Cette semaine passée à Capbreton à déferler parmi les artistes franco-canadiens m'a appris quelque chose de très précieux. Dans un milieu comme le mien, où les résultats priment, où les projets se succèdent, où la rentabilité est prisée, pour ne pas dire exigée, nous sommes peut-être plusieurs à avoir oublié l’importance de notre engagement sur le long terme en tant que chercheurs. Or j’ai l’impression, en faisant le bilan de ce premier séjour aux Déferlantes francophones, que c’est en multipliant les contacts, en prenant le temps de s’investir dans le quotidien des gens - non pas artificiellement mais pour vrai - , qu’on accède à de précieux éléments d’information qui peuvent nous permettre de saisir de précieuses informations qui donnent tout un sens aux situations qui retiennent notre attention.
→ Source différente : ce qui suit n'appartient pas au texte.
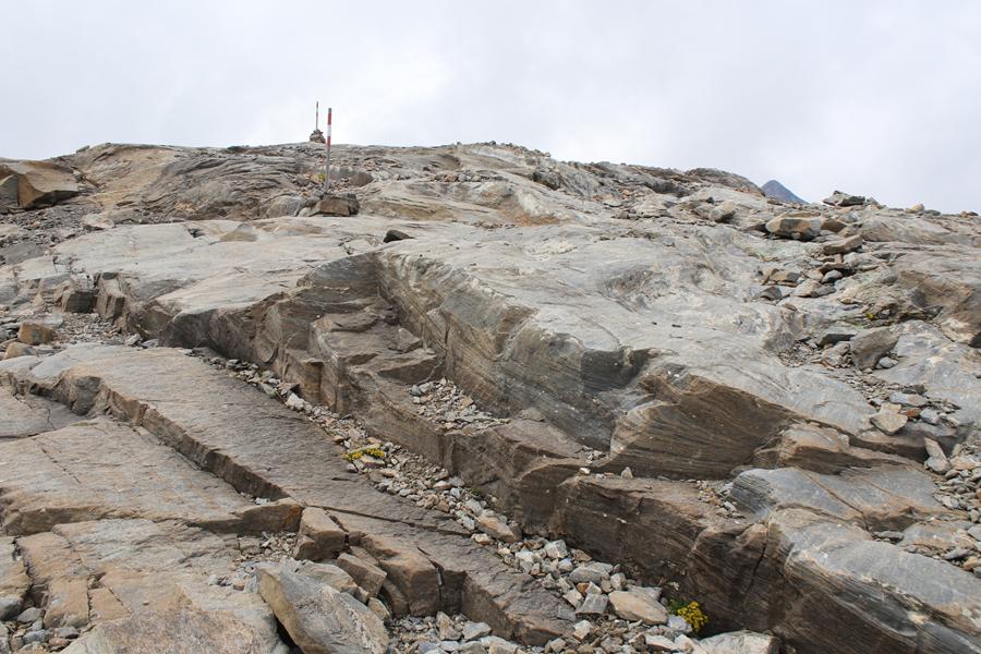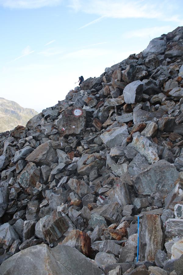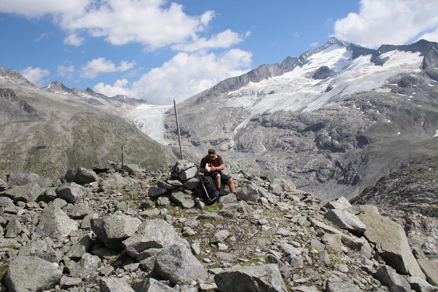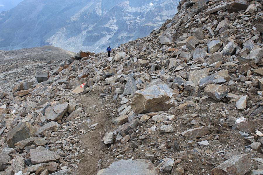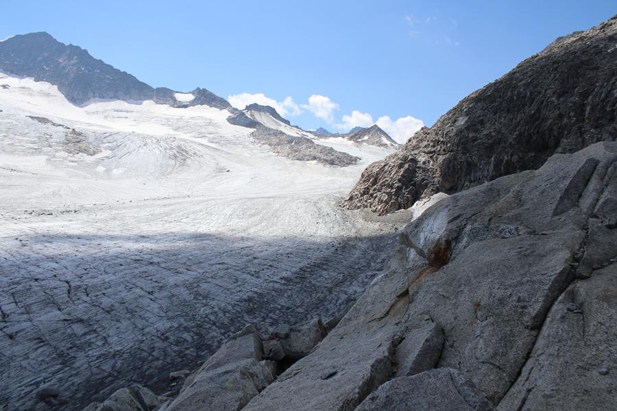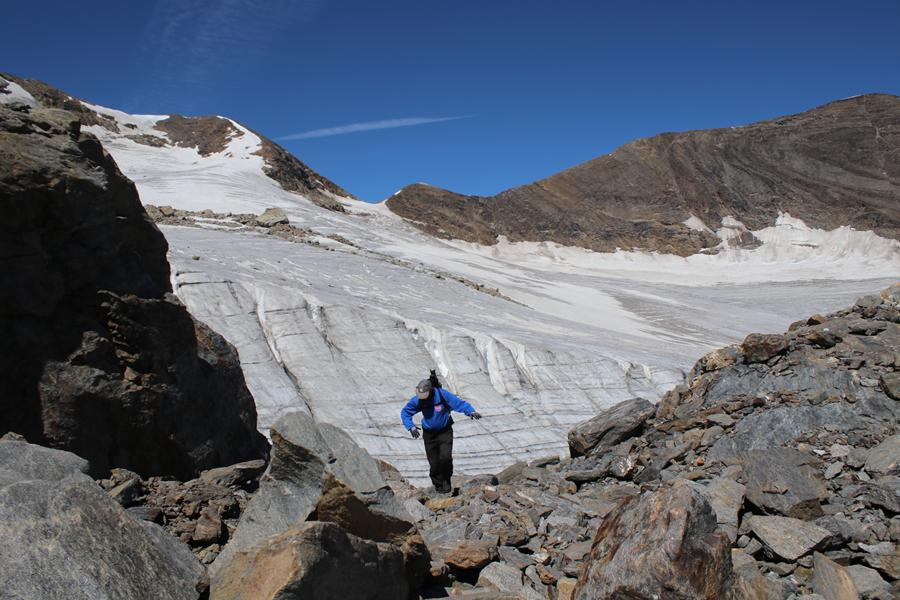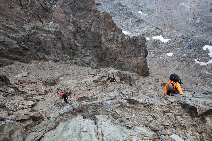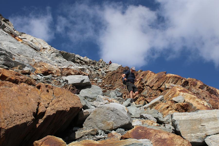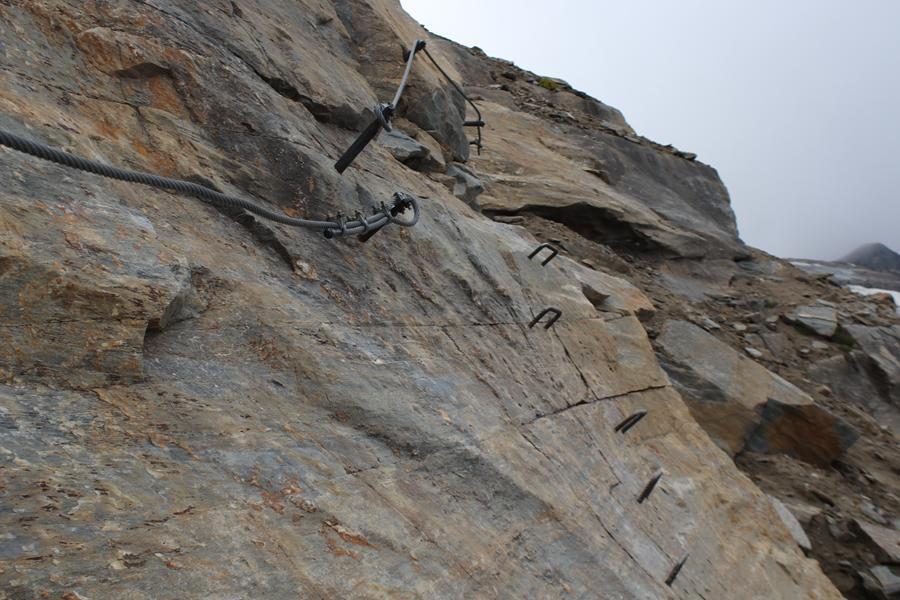 Marco ist einige Meter höher, wir können die Gletscher Ausrüstung ablegen. Etwas Unorthodox das ablegen in dieser Stelle. Bodo müht sich mit der Schlaufe der Eisen. Warte bis er soweit ist bis auch ich ablegen kann. Ein Pickel lehnt an der Wand, sicherlich hat es einen Grund. Humprey steigt zu den anderen auf. Abklopfen der Eisen so gut wie es geht, die Gummi Stöpsel auf die Zacken rein in den Beutel, da Seil ist feucht kommt zum Schluss in den Rucksack. Diese Aktionen kosten Zeit, klar das Wetter wird beobachtet noch hält es. Die Bedienung die aus Holland stammt, ist auf dem Rückweg. Die Route in dieser Schuttflanke ist unerwartet gut, eine große Blaue Metallbox steht am Boden, leichte Kletterei und Gehgelände auch Stangen zum Sichern sind Installiert, kein Wunder auf über 3000 Meter liegt in der Nordseite lange der Schnee. Es sind nur wenige Minuten bis in die Scharte 3183 m, die Wand ist sehr Brüchig daher Steinschlaggefährdet. In einer sehr breiten nicht zu steilen Rinne ist wohl ein Klettersteig Installiert. 13.18 Uhr. Marco ist auf dem Weg nach Unten Alina folgt ihm in dem Sie sich mit dem Gurt sichert. Ein letzter Blick zur Pasterze und der Oberwalder Hütte. Morgen werden wir nach einem langen Tag dort zu Gast sein. Auch Bodo setzt den Gurt ein, ein Fast durchgehendes Tau Holzstufen und Trittklammer die ganze Palette an Hilfsmittel, wie es scheint findet Alina in dieser guten unerwartet sicheren Route gefallen, sieht von der Nutzung des Gurtes ab. Klar Vorsicht wegen der Vorrausgehenden ist Voraussetzung. Die ersten sind unten ausgestiegen es flacht etwas ab. Es quert auf der Linken Seite bis fast an den Felsen. Eine Wand wird über Trittbügel abgestiegen. Eine Schuttpassage ist mit Stufen die an zwei Seile gebunden ist überwunden, Lose die letzten Meter an der Wand entlang, die Anspannung weicht. Warum eine Box vor der Scharte seine Berechtigung besitzt ist nun klar geworden. Während die anderen dem ausgeprägten Weg im Schutt folgen, nütze ich den Weichen Untergrund für einen flotten geradlinigen Abstieg, es quert leicht fallend Östlich, die Rinne wird breiter öffnet sich, hier war einst der Hohenwartkees davon ist nichts mehr übrig, geblieben. Die Orientierung ist ohne Markierungen nicht einfach, mit Weitblick findet sich ein Steinmann. Blöcke Platten Steine teils auf geschliffenen Untergrund, der Ganze Kessel ein Relikt der Erosion diese setzte hier gewaltig zu. Marco legt eine Pause, allzu lange sind wir nicht mehr Unterwegs. Jetzt können wir definitiv die Ausrüstung ablegen. Die Stimmung positiv, liegt das an einem ersten Blaues Loch im Norden. Ein Blick zurück lässt überhaupt nicht erahnen das sich ein so guter Durchstieg findet. Östlich ist nun ein Teil des Gletschers noch erhalten. Große Steinmänner sind Hilfreich, endlich endet dieser Steinbruch. Übergang in erdiges Gelände die ersten Pflanzen finden ihren Lebensraum. Es beginnt zu Tröpfeln der Schirm kommt zum ersten Mal zum Einsatz, das spricht für ein gutes Wetter die letzten Tage, nähern uns dem Schwerteckes die Hütte ist noch immer nicht zu sehen.

Ces quelques derniers jours, j’ai fêté, crié, ri, mangé avec les délégués et les artistes des Déferlantes. Jusqu’aux petites heures du matin, j’ai beaucoup échangé avec eux. Toujours sur un registre informel, nos discussions ont été des plus enrichissantes : pour moi, une fenêtre s’est ouverte sur leur monde (et peut-être pour eux aussi, c'est eux qui vous le diront). Leurs préoccupations professionnelles, leurs parcours, leurs projets d’avenir, peu à peu m’ont été dévoilées. Par pudeur, j’ai attendu quelques jours avant de sortir l’enregistreuse. Ma préoccupation première était de rencontrer les gens, tout simplement, savoir qui ils étaient et leur expliquer peu à peu les questions que je me pose comme chercheure. La stratégie a été bonne je crois : une fois l’enregistreuse partie, les échanges gardaient l’esprit de convivialité qui les habitaient aussi aux petites heures du matin. Parfois, l’enregistreuse est restée dans mon sac : en ces moments, on me répondait avec honnêteté des réponses parfois difficiles sur les rapports avec les partenaires français, les artistes québécois, les problèmes d’organisation et de subventions. Ces renseignements resteront toujours confidentielles, et auront ceci d’utile qu’ils me guideront, je crois, dans mes observations futures.

Capbreton plage

En marge du festival, j'ai fait de la plage. Et quelle plage! L'eau était salée, salée salée. On y flottait sans le moindre effort, les vagues déferlaient sans répit, l'eau qui nous submergeait brûlait les narines, la gorge, les yeux. J'étais aux petits oiseaux! M'y voici avec Mario dit Fayo.

7.25.2006

Une rencontre outre-Atlantique

Mon passage à Poitiers m'a permis de mettre à l'épreuve la petitesse du monde et la merveille des chemins qui se croisent. Le temps d'un saut à l'Île de Ré avec la famille Bertrand qui a un petit chalet en bord de mer là-bas, j'ai pu tremper mes pieds de l'autre côté de l'Atlantique en parlant d'ethnologie, de déontologie et de traductologie avec Hélène Buzelin, celle qui m'a co-dirigé à la maîtrise à l'Université York. Le monde est vraiment trop petit. Nos discussions étaient surveillées par Émilien, qui donnait des coups de pelle dans le sable comme le beau petit roi qu'il est. Le voici à l'oeuvre avec son père :

Poitiers

Les journées filent doucement telles des perles sur le collier de ce pèlerinage en France. J'ai quitté Moncton le 3 juillet dernier, et déjà mes souliers m'ont portés sur des lieux innombrables. Les rencontres aussi se succèdent, celles qui étaient prévues, mais d'autres aussi. À Poitiers, je devais voir un prof qui n'était malheureusement pas là. Mais avant tout, je devais passer du temps avec les parents d'une amie qui m'ont beaucoup trop gâtée pendant que j'étais chez eux. Le clou de mon passage, c'était de pouvoir découvrir le vieux Poitiers en leur compagnie, mais aussi avec leur fille qui, partie pour l'aventure au Brésil, m'a fait la surprise d'une visite imprévue en France.



7.22.2006

Aix, puis Paris

Aujourd'hui, j'essaie de rattrapper un peu le temps qui file depuis un bout. Voici donc quelques traces pour résumer mes flâneries et aventures des derniers jours. Le mercredi 19, j'avais rendez-vous à Aix-en-Provence. De ce crochet je n'ai gardé qu'une photo. C'est une belle coïncidence, parce que la personne avec qui j'avais rendez-vous ce jour-là ne rapporte que des objets de ses périples, aucune photo. Voici donc ma photo à moi, prise en pleine canicule. C'est Cézanne et une fontaine, les deux du même coup.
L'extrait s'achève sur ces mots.